So far all I've heard is still proving true: writing your second novel is much easier than the first. And it has everything to do with increased tolerance for uncertainty.
In a lot of ways, this second novel should be harder than the first one. I set out to do Dostoevsky in Cleveland. You know, a family caught up in a murder mystery and yelling at each other and God. But somehow, midway through, I've ended up having to research the Japanese-American internments during WWII, the Manhattan Project, and mid-century treatments for schizophrenia. Which means, of late, my goal of writing 1,000 words a day is right out the window. I've been stuck at around 45,000 words for at least the past month, though I can say I've been working pretty steadily.
In the past, this stark realization of my own ignorance, combined with the labor involved in correcting it, would have meant seriously questioning the whole enterprise, and at least one start-over from the beginning (in an attempt to steer the vessel *around* rather than *through* the Slough of Ignorance). This time I'm a lot more patient and less afraid--because I've learned these problems can be overcome. They are all part of the process. I'm OK with (well, not completely OK with, but tolerant of) writing a thousand words one day and deleting all of them the next, as further research proves them wrong, wrong, wrong.
This is not to say I'm writing a historical novel, or that I intend the novel to be fully historically accurate.

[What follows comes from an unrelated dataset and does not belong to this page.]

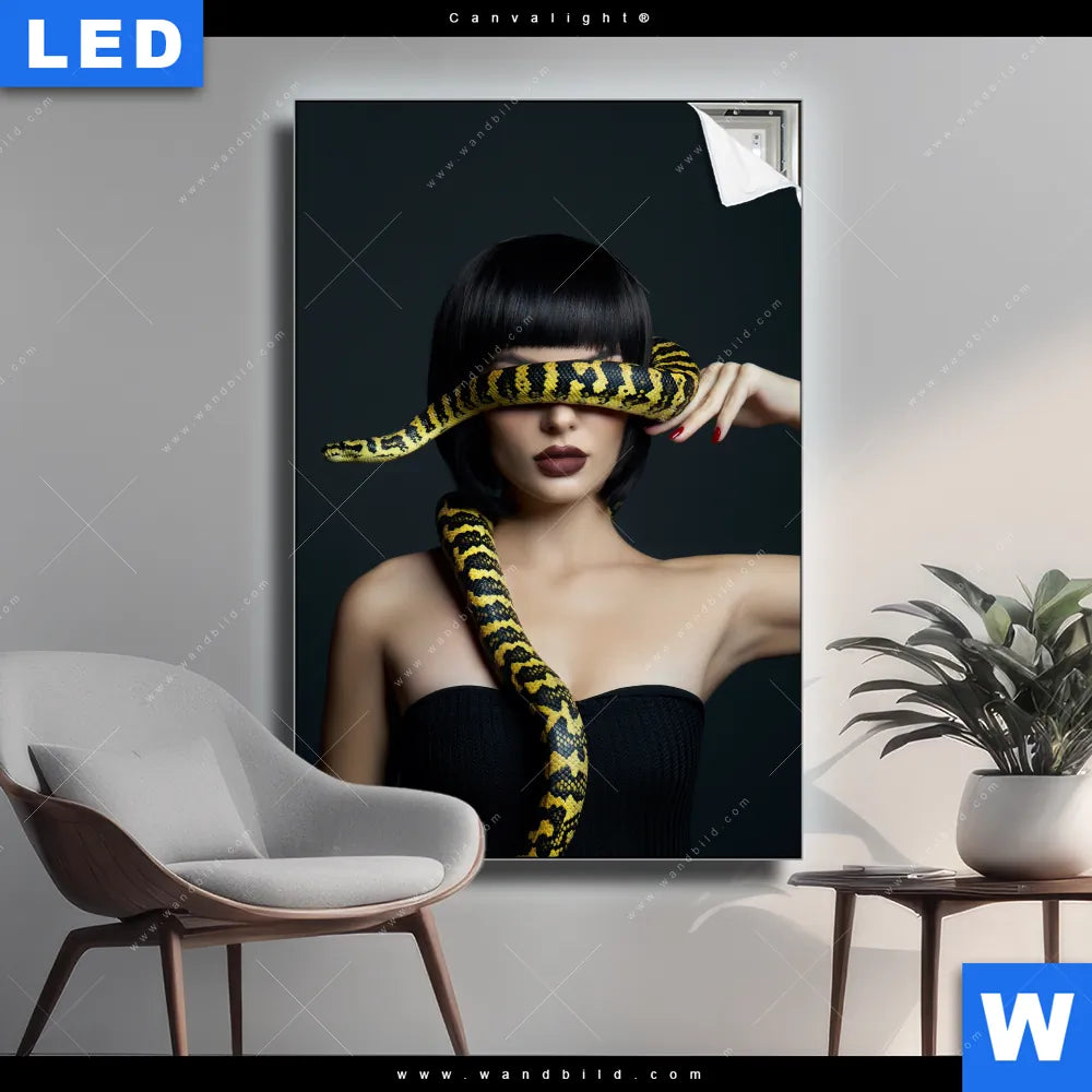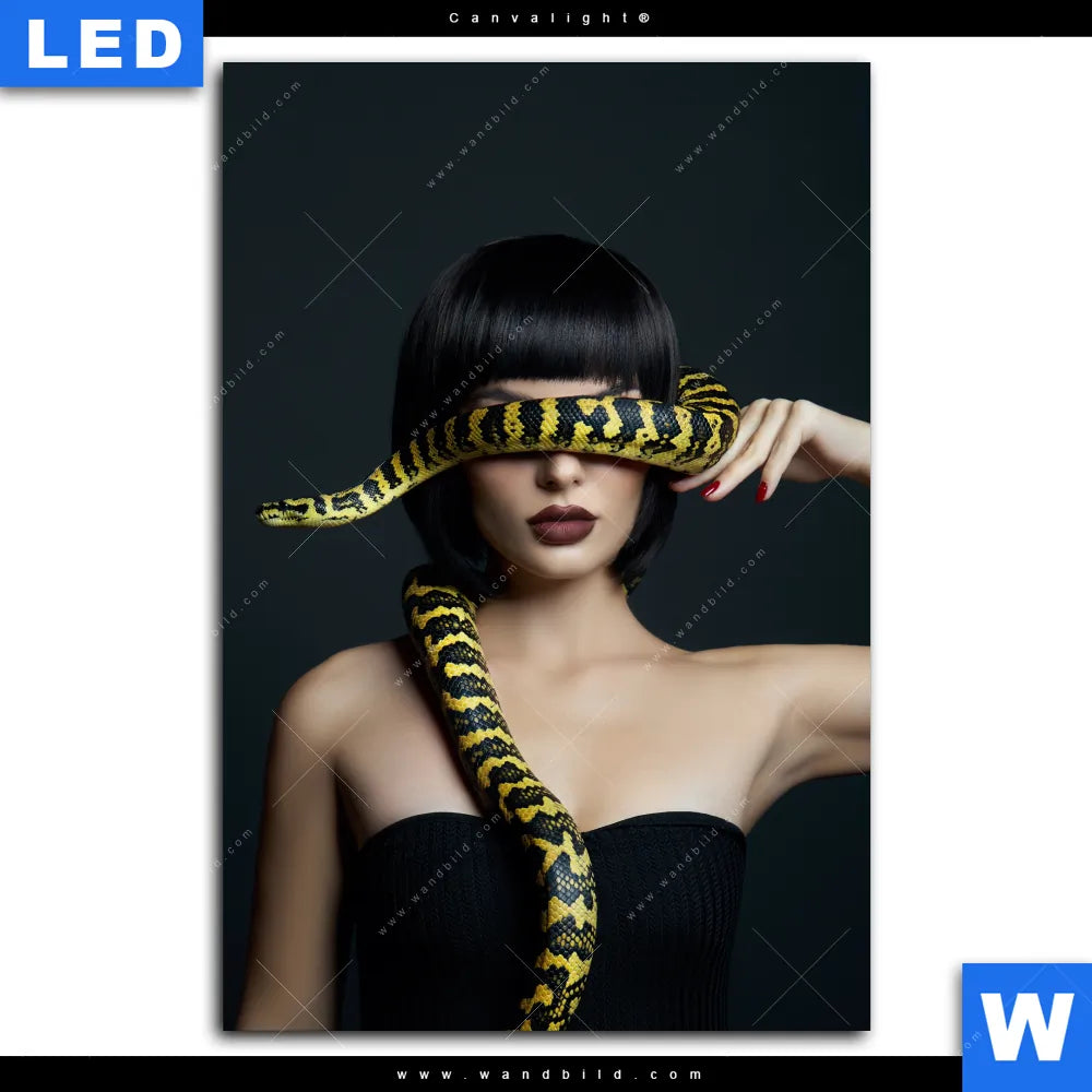 Canvalight® Leuchtbild | Frau mit gelber Schlange | Hochformat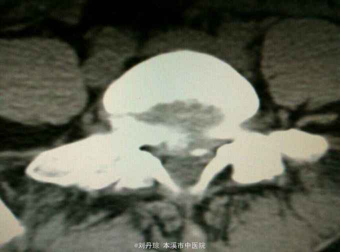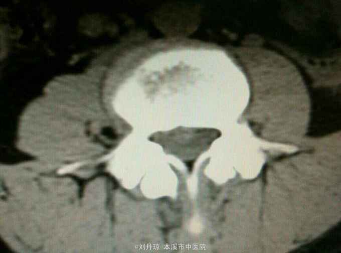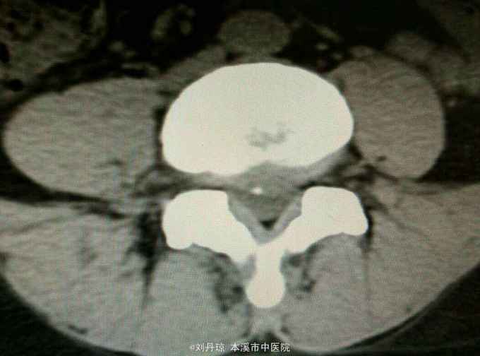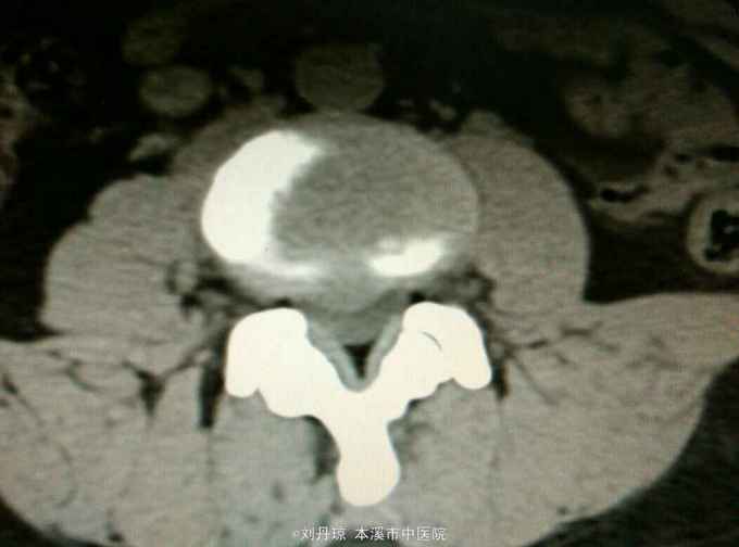 查体:L3—S1棘突右旁压痛阳性。直腿抬高实验左70度,右40度。 直腿抬高加强实验左侧阴性,右侧阳性。腰椎功能障碍。 辅查:CT: L3—S1椎间盘突出。

The facts are still going to be distorted; I see no way around that. But the historical backdrop has to be plausible. It has to be acceptable, even as its true purpose is to serve the fictional story.
Also: I've learned you do not have to make up characters out of whole cloth. You can seriously base them on real people, either historical figures, or people you know. That takes a lot of the work out of the whole thing. So, watch out, historical figures and people I know! Although actually, as with history, these people will end up distorted. Hopefully beyond recognition.
Anyway, this post is supposed to give all beginning novelists hope. As those who've gone before have said, write the first one. And then write the next one. You'll see.